Personal data was stolen from hundreds of millions of Yahoo users in the December 2014 breach attributed to Russian hackers. The US Securities and Exchange Commission (SEC) said that the company, now known as Altaba, has agreed to settle charges.
Yahoo eventually acknowledged that the 2014 hacking attack and a separate one in 2013 brought affected all 3 billion accounts on its service.
According to the SEC's order, within days of the December 2014 intrusion, Yahoo's information security team learned that Russian hackers had stolen what the security team referred to internally as the company's "crown jewels".
There "crown jewels" were usernames, email addresses, phone numbers, birthdates, encrypted passwords, and security questions and answers for hundreds of millions of user accounts.

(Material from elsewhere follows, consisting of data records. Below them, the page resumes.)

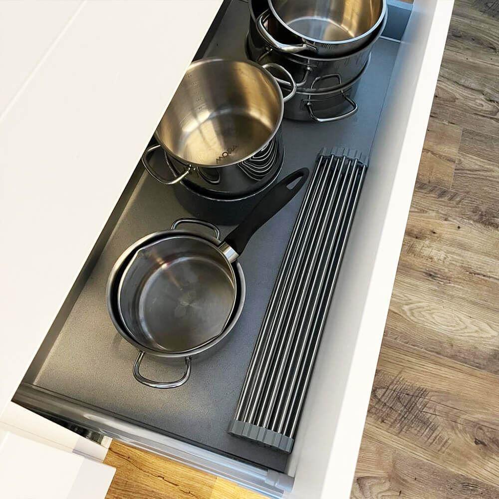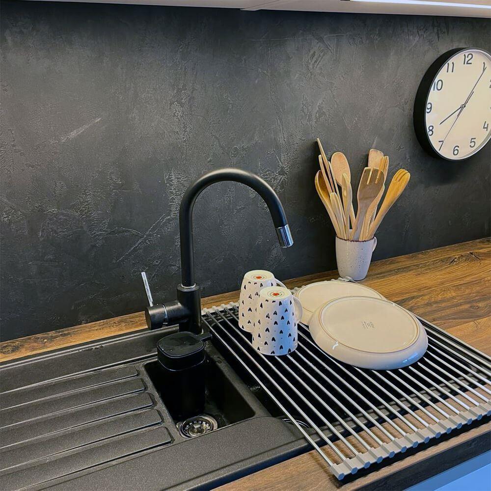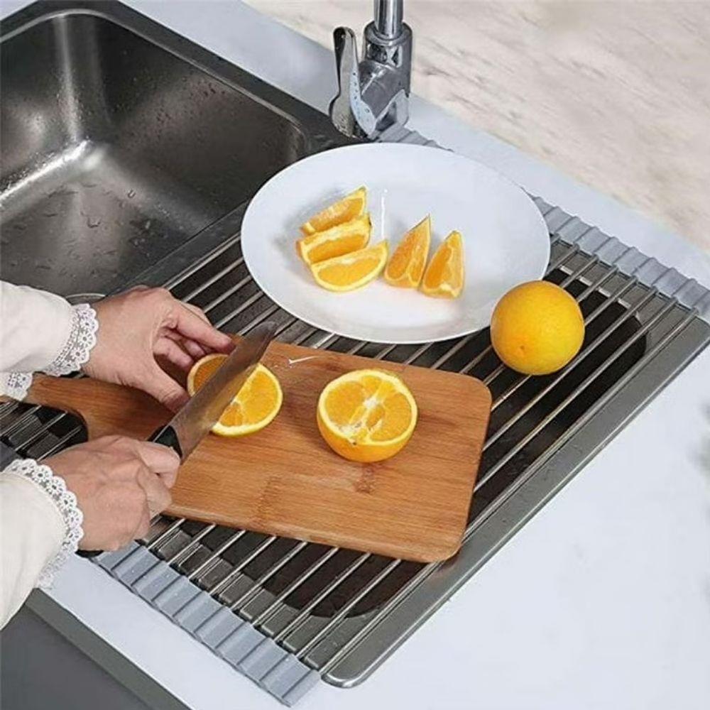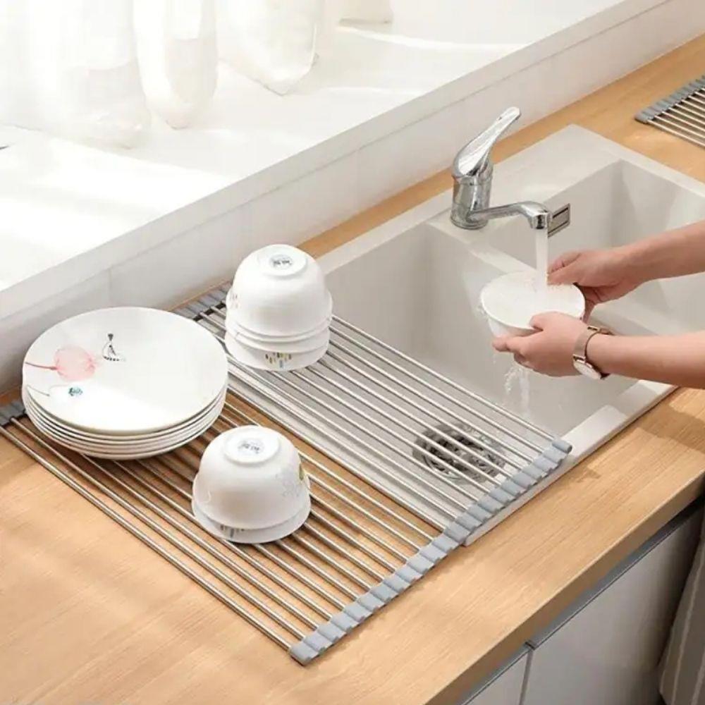 Rozkládání je jednoduché a nepotřebujete k tomu žádné nářadí a jiné pomůcky. Odkapávač jen rozbalte a položte na dřez. Odkapávač je vyrobený z kvalitního materiálu a na dřezu je stabilní. Unese i těžké hrnce. Pokud zrovna odkapávač nebudete používat, stačí ho srolovat do ruličky a umístit kamkoliv. Na lince nebo ve skříňce nezabere téměř žádné místo. Díky tomu, že je odkapávač tvořený z tyček, tak voda vždy steče do dřeze a nikde se nebude držet a třeba plesnivět.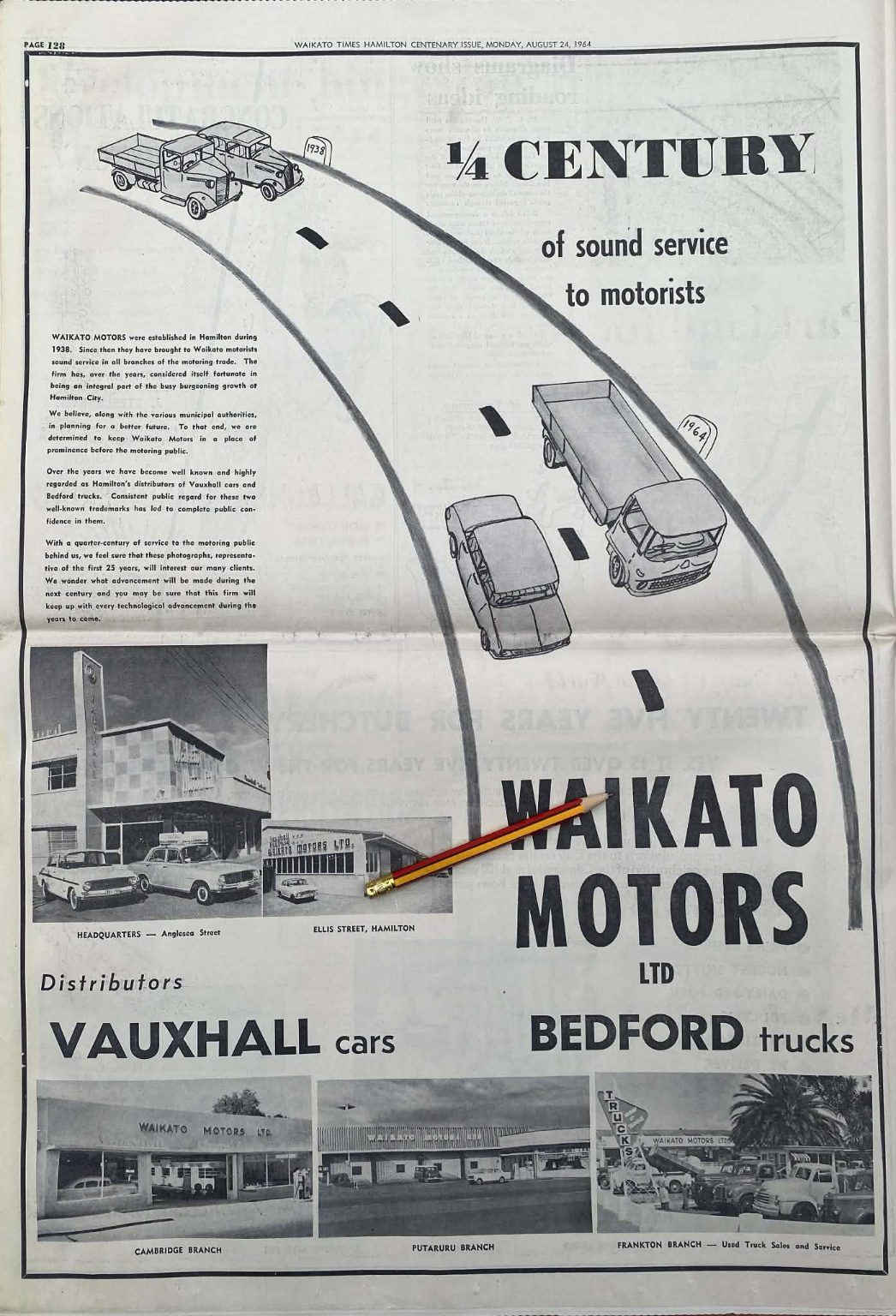 Waikato Motors were local distributors for Vauxhall cars and Bedford trucks.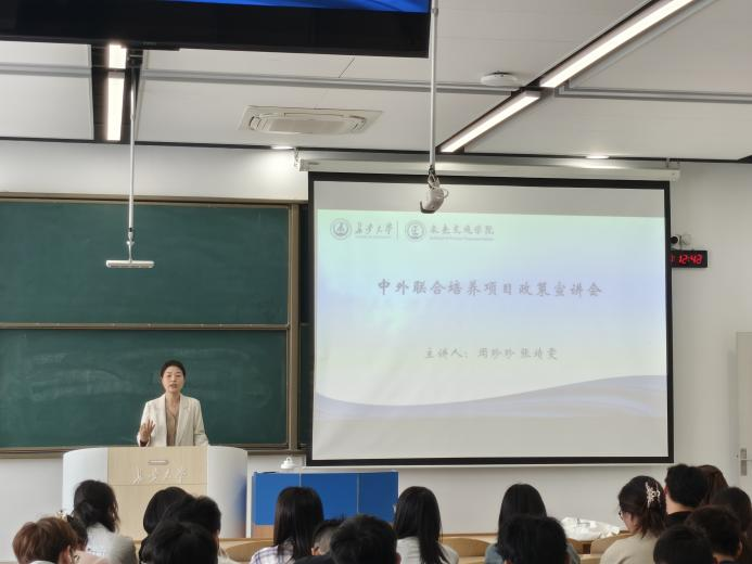 于4月26日上午10时在渭水校区WH1101教室成功举办中外联合培养项目宣讲会。活动特邀国际合作交流处副处长周珍珍、合作办学项目管理科副科长张靖雯担任主讲嘉宾,指导学生国际化培养工作。学院副院长崔华教授主持活动,2024级研究生、2025级研究生(大四推免生)、2023级和2024级华为班学生现场参会。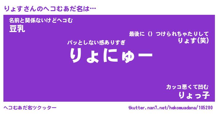 | ファンタジー風あだ名 | 『リョフェル』『エターナルリョスー』 |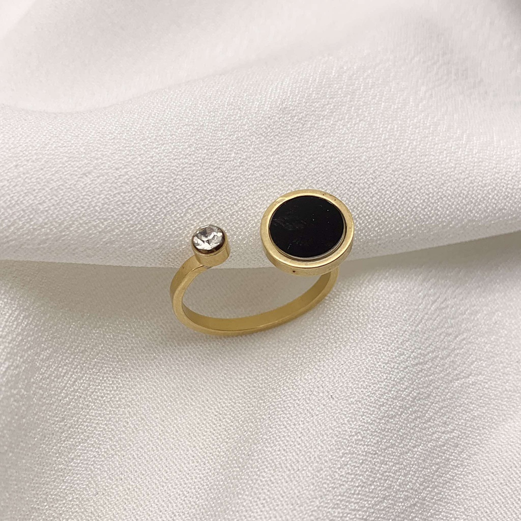 101773 خاتم جولد ستانلس عيار 304 مدور صدف اسود فص كريستال فري سايز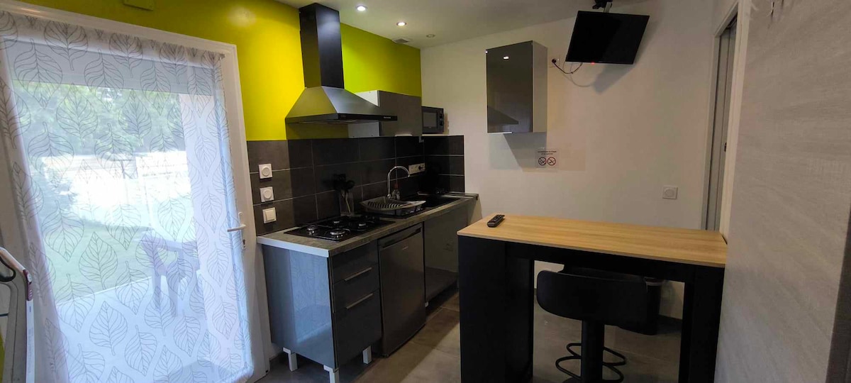 Nous serons heureux de vous accueillir dans ce logement neuf et entièrement équipé situé au rez de jardin de notre maison. Composé d'une chambre (lit 160x200), d'une salle de bain (douche) et d'une cuisine équipée ouverte sur le salon avec canapé-lit (160X200). Draps, serviettes et ménage sont inclus. L'entrée indépendante se fait par la terrasse privative où vous pourrez profiter d'une superbe vue sur les monts du forez. Situé à 5 min des axes autoroutiers. Au plaisir de vous recevoir!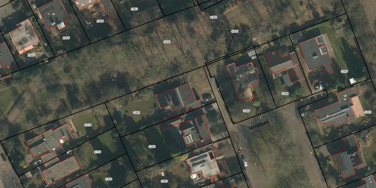 Merellaan 15 is gelegen op kadastraal perceel HMN01G3381. Deze kadastrale aanduiding is uniek en wordt gebruikt door het Kadaster om eigendomsrechten en andere zakelijke rechten vast te leggen. Het perceel maakt onderdeel uit van de kadastrale gemeente Heumen.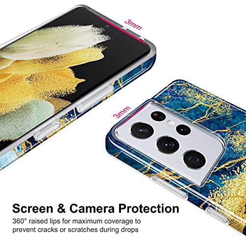 JIAXIUFEN Galaxy S21 Ultra Case Oro Glitter Glitter Marmo Sottile Antiurto TPU Morbida Gomma Silicone Cover Custodia Per Samsung Galaxy S21 Ultra 5G 6.8 pollice 2021 Blu Scuro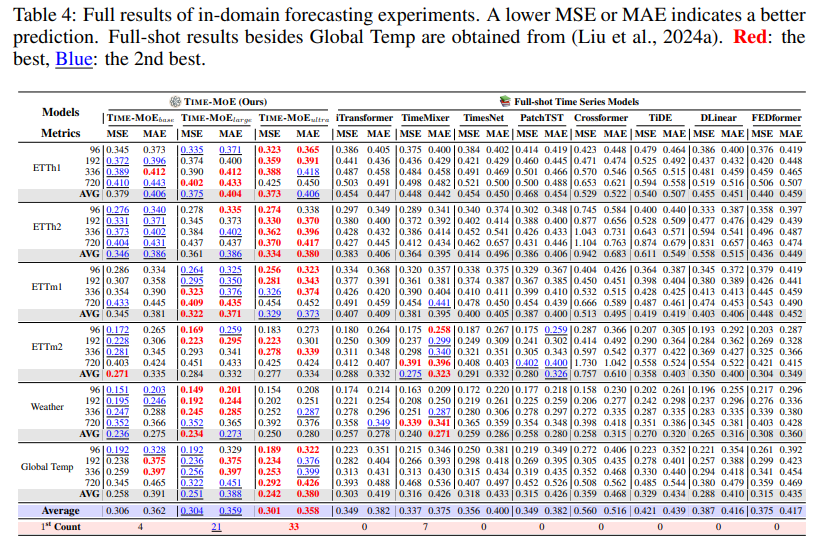 The full results are in Table 4. TIME-MOE exhibits remarkable capabilities, comprehensively surpassing advanced deep time series models from recent years, achieving a MSE reduction of 24% in average. Fine-tuning on downstream data with only one epoch significantly improves predictive performance, showcasing the remarkable potential of large time series models built on the MoE architecture. Similar to zero-shot forecasting, as the model size increases, the scaling law continues to be effective, leading to continuous improvements in the performance of the TIME-MOE.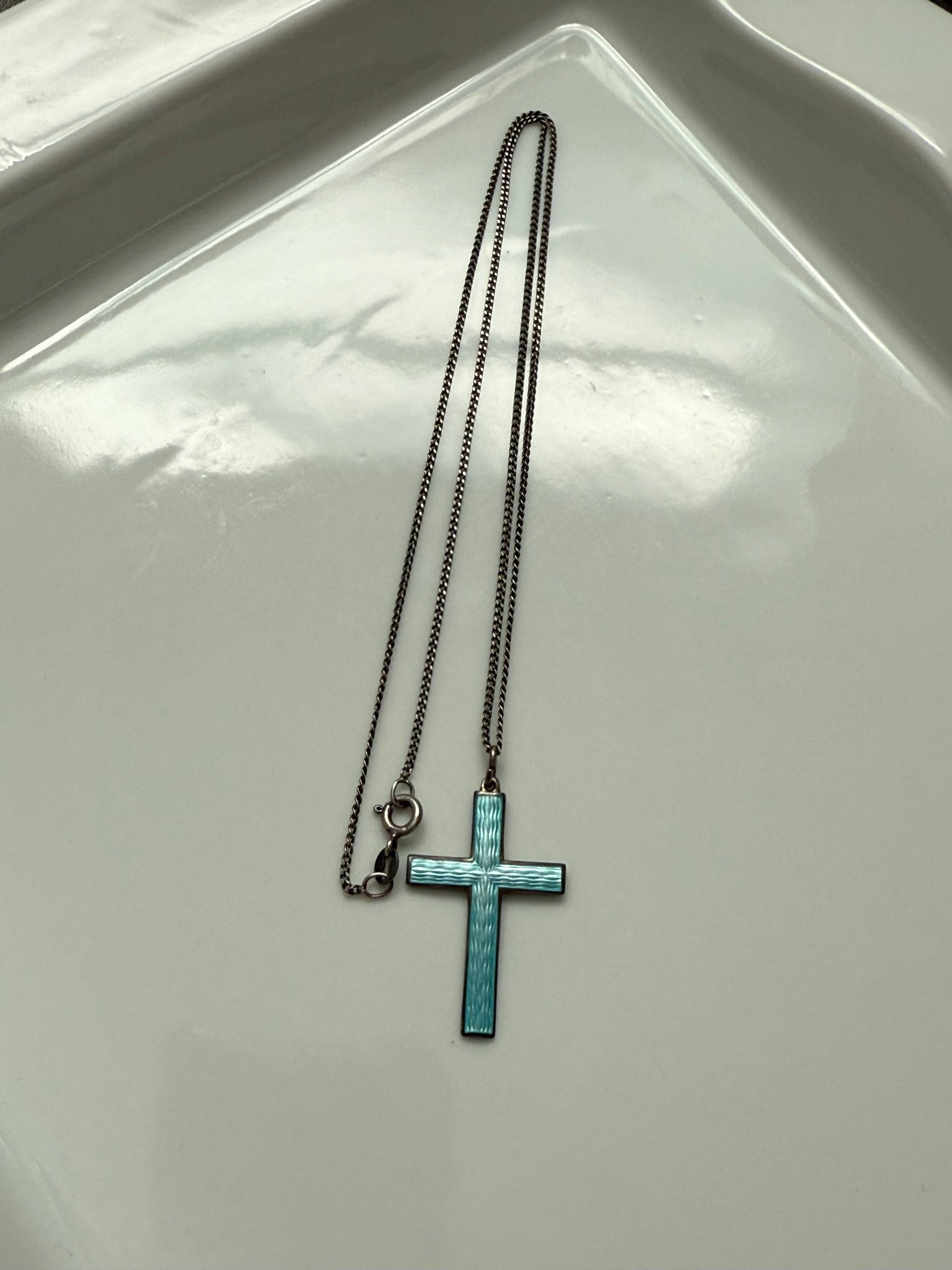 Guilloche Blue Enamel Sterling Silver Cross Necklace
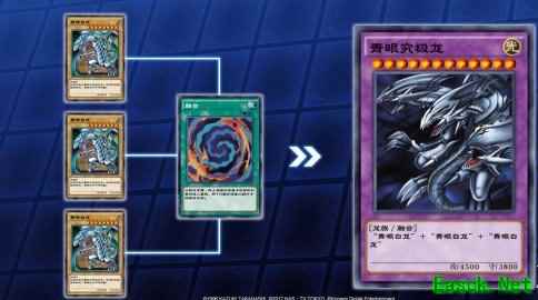 以融合怪兽“青眼究极龙”为例,它所需的融合素材为3只“青眼白龙”。当自己场上和手牌集齐3只“青眼白龙”时,发动“融合”魔法卡,将集齐的3只“青眼白龙”送去墓地,即可将“青眼究极龙”从额外卡组特殊召唤到场上。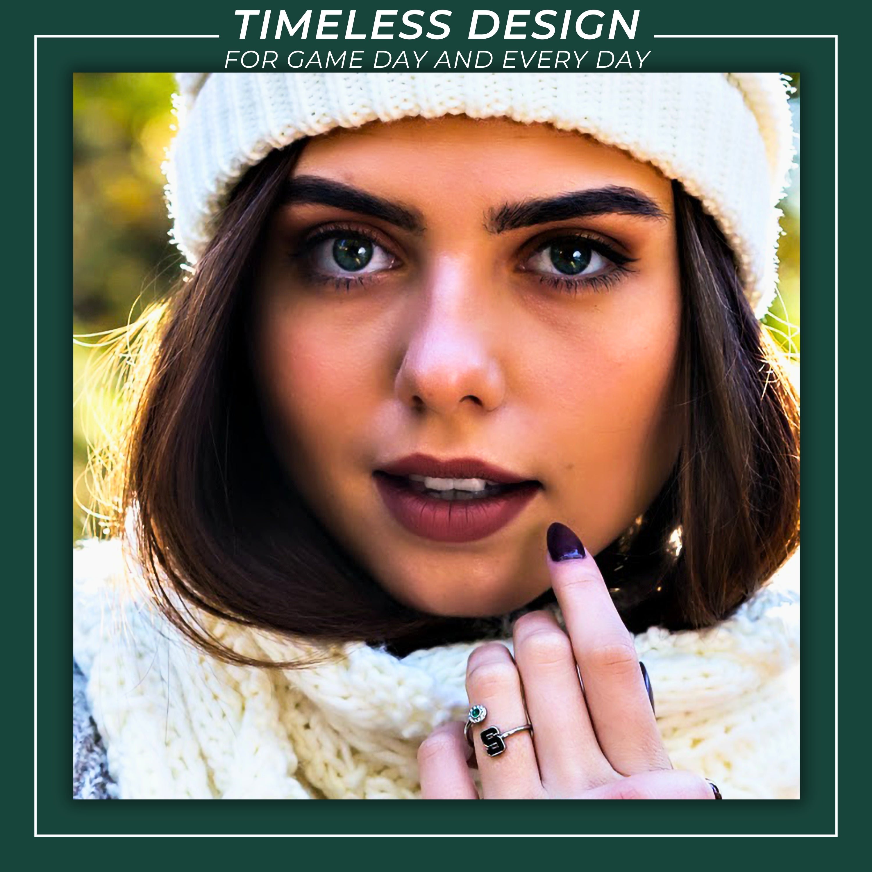 💚TREASURE YOUR Michigan State Spartans SPIRIT: This Stone Armory Michigan State University ring is officially licensed. A classic Michigan State spartan ring with green and clear crystals, to show off your MSU Spartans pride.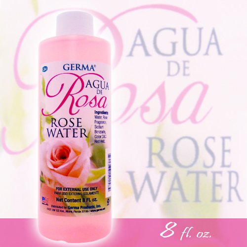 -. Binding : Misc. -. Brand : Germa -. EAN : 0790933101584 -. Feature : Rose Water (Agua de Rosas) / FOR EXTERNAL USE ONLY. / 4 Fl. Oz. / MADE IN USA -. ProductGroup : Beauty -. ProductTypeName : BEAUTY -. Title : ROSE WATER Agua de Rosas Flower Water Skin Face Facial toner Cleanser 8 Fl. Oz. -. UPC : 790933101584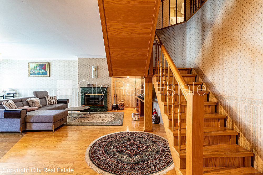 Земля в собственности, поменянное покрытие крыши, благоустроенный озеленённый двор, территория обнесена забором, места для нескольких машин, подземная стоянка, вход с улицы, во дворе детская игровая площадка, лестничная клетка после капитального ремонта, окна выходят в обе стороны дома, система вентиляции воздуха, изолированные комнаты 5 шт., студио, кухня объединена с гостинной, гардеробная, подсобка, высота потолков 2,67 м, камин, газовое отопление, два уровня, полы с подогревом, металлическая дверь, встроенная светотехника, паркетный пол, кафельный пол, три санузла, душевая кабина, ванна джакузи, встроенная кухня, встроенные стенные шкафы, видео домофон, лестничная клетка на кодовом замке, освободится по необходимости, сдана в эксплуатацию 1996 г., CITY REAL ESTATE ID - 517237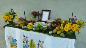 Además, los jóvenes de la cabina de Tahdziú elaboraron un altar en el que ofrecieron las comidas típicas que solían disfrutar los difuntos, como atole dulce; el atole salado; los elotes; el iswua, una tortilla hecha de maíz nuevo; relleno negro; tortillas; tamales; agua; mandarinas; plátanos y dulces tradicionales. En el altar también colocaron una cruz, una foto del difunto como parte de la ofrenda, velas de colores y sahumerio con incienso. Para finalizar la actividad tuvieron un pequeño convivio comiendo las comidas ofrendadas. Ko’one’ex mu’uk’ankunsik ek miatsil te kaajal.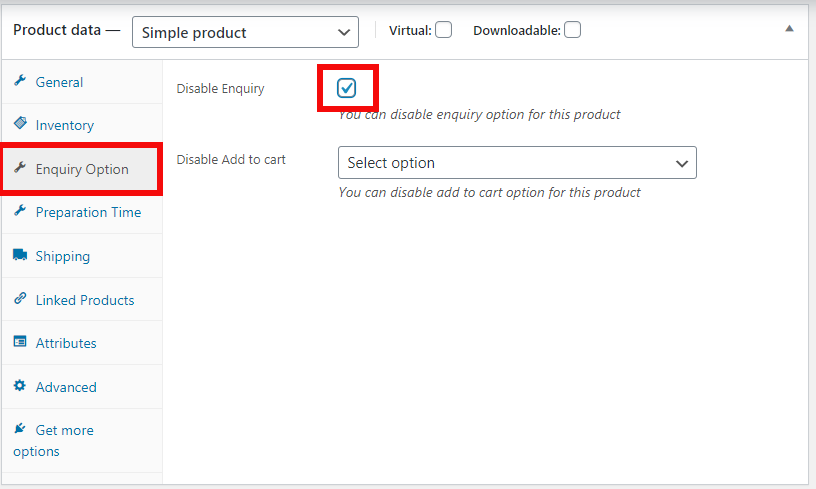 Go to the product edit page of that product (by default enquiry is enabled for all product)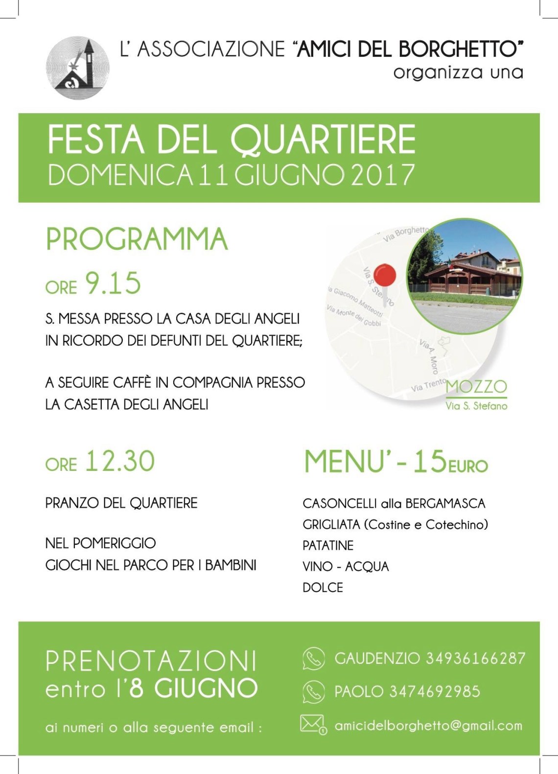 Mozzo/Borghetto: Festa del quartiere domenica 11 giugno admin5 giugno 201729 Maggio 2017blog post Navigazione articoli PrecedenteContinua Condividi:CondivisioneTweet Fai clic qui per stampare (Si apre in una nuova finestra) Stampa Fai clic per inviare un link a un amico via e-mail (Si apre in una nuova finestra) E-mail Mi piace Caricamento... Correlati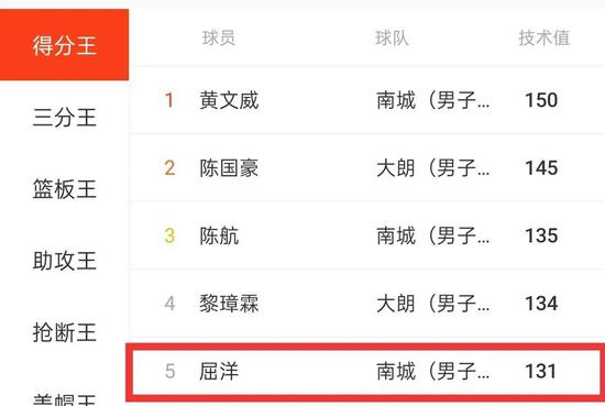 代表南城出场9次,系列赛总得分131分,排名第五;三分命中数排名第四,抢断并列第二。

The fact of the breach was not disclosed to the investing public until more than two years later, when in 2016 Yahoo was in the process of closing the acquisition of its operating business by Verizon Communications, Inc, the statement read.
"We do not second-guess good faith exercises of judgment about cyber-incident disclosure. But we have also cautioned that a company's response to such an event could be so lacking that an enforcement action would be warranted. This is clearly such a case," Steven Peikin, Co-Director of the SEC Enforcement Division was quoted as saying by IANS.
The SEC statement said that when Yahoo filed several quarterly and annual reports during the two-year period following the breach, the company failed to disclose the breach or its potential business impact and legal implications.
"Instead, the company's SEC filings stated that it faced only the risk of, and negative effects that might flow from, data breaches," it added.